CS points to the segment containing code and DS to the data segment. ES, FS and GS points to extra-segments that could be used to store additional data. The SS-segment is used to hold the [[Stack (computing)|stack]].
 
Each segment-register points to a descriptor. Each descriptor points to a well defined data area. If the descriptor that GS points defines its data area to starts at 0x000A0010, and to end at 0x000C0000, and the EAX-register contains the value 0x0001C234, then the combination GS:EAX will point to 0x000BC244.
 
The GDT and LDT contains ''descriptors'' that points to data areas that has diffrent properities. Most often, there is one null-descriptor, 2 data descriptors, 2 code descriptors and a multiply of TSS-descriptors.
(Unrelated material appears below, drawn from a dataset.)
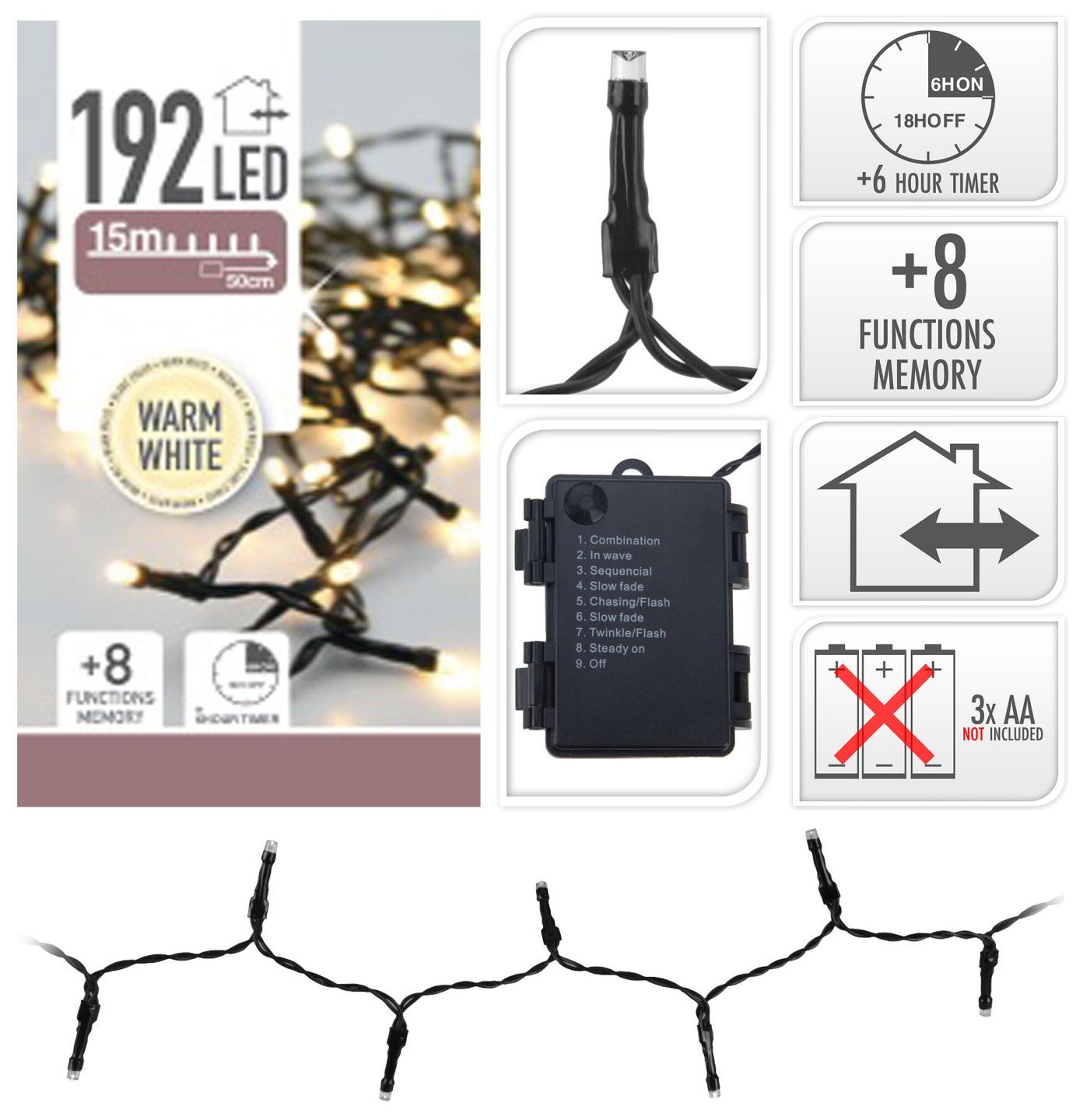 osvětlení vánoční 15m 192LED teplá BÍ, 8 funkcí, ZE, IP44
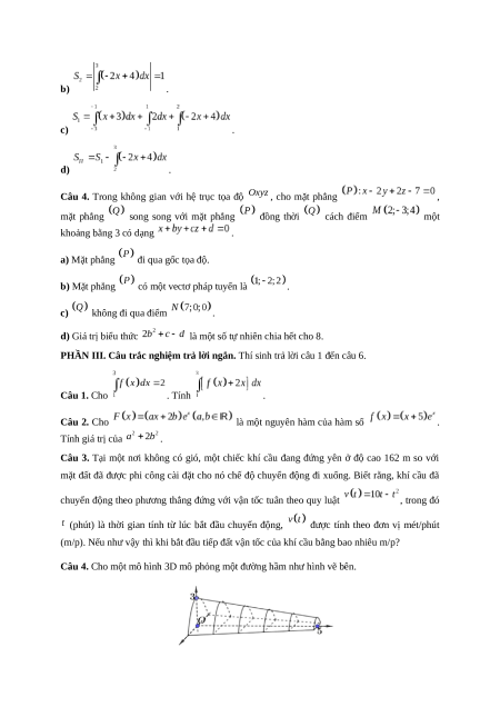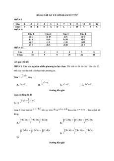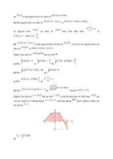 , họ tất cả các nguyên hàm của hàm số là . Câu 2. Cho hàm số liên tục trên . a) Nếu và thì . b) Nếu thì . c) Nếu thì . d) Nếu thì . Khi đó . Câu 3. Cho hàm số liên tục trên

Most often, the code- and data-descriptors points to an area in the memory that starts at 0 and ends at 4 gigabytes. This way, descriptors and segment registers becomes almost invisible for the application programmer. This is called ''flat memory''-model. In flat memory, segment registers lose their importance. Only offset-registers is used to point out the addresses.
 
TSS-descriptors is used to hold information about tasks. TSS-descriptors are part of the hardware support for multitasking that x86-processors enables.
 
If a segment register points to a descriptor in the GDT or LDT that has a 32-bit base while switching back to [[realmode]], the segmentregister will continiue to point to the 32-bit descriptor for as long as it stays unmodified. If the descriptor has a base pointing to 0, a limit of 4 [[gigabyte]]s, and the D-flag set, then it will become possible to use 32-bit addressing in realmode. This is sometimes called [[unreal mode]] as this is not entierly odinary realmode behaviour.
 
=== Pages ===
 
Paging can be turned on and off with the help of bit 31 in the CR0-register. Register CR3 is used to point to the page directory table. See [[paging]].
 
== Memory layout for PC-computers in protected mode ==
 
Is much the same as in realmode. Alas, some PC-computers has the 15th megabyte occupied by the video-card.
 
0-3FF Application [[RAM]]
400-5FF BDA ([[BIOS]] Data Area) *
600-9FFFF Application RAM
A0000-BFFFF VGA Video memory
C0000-EFFFF Optional ROMs (The VGA ROM is usually located at C0000)
F0000-FFFFF BIOS ROM
 
* = The BIOS is inactive in protected mode, therefor this area could be
considerd to be "application RAM" as well.
 
== Supervisor mode ==
 
See [[supervisor mode]]
 
== Non-application registers ==
 
CR0, CR1, CR2, CR3, TR4, TR5, TR6, TR7, GDTR, LDTR, IDTR and TR.
 
== Interrupts in protected mode ==
 
Interrupts is mostly much the same as in realmode, with the exception of being capable of performing more complicated switches. For example, a interrupt in protected mode can be programmed to automaticly switch into a specific process or thread.
 
The Interrupt Description Table (IDT) is pointed to by the IDT-register (IDTR), wich is 48 bits wide and works just like the GDTR/LDTR. (See above.)
 
== How to switch to protected mode ==
* load GDTR with the pointer to the GDT-table.
* load IDTR with the pointer to the IDT ''OR'' dissable interrupts.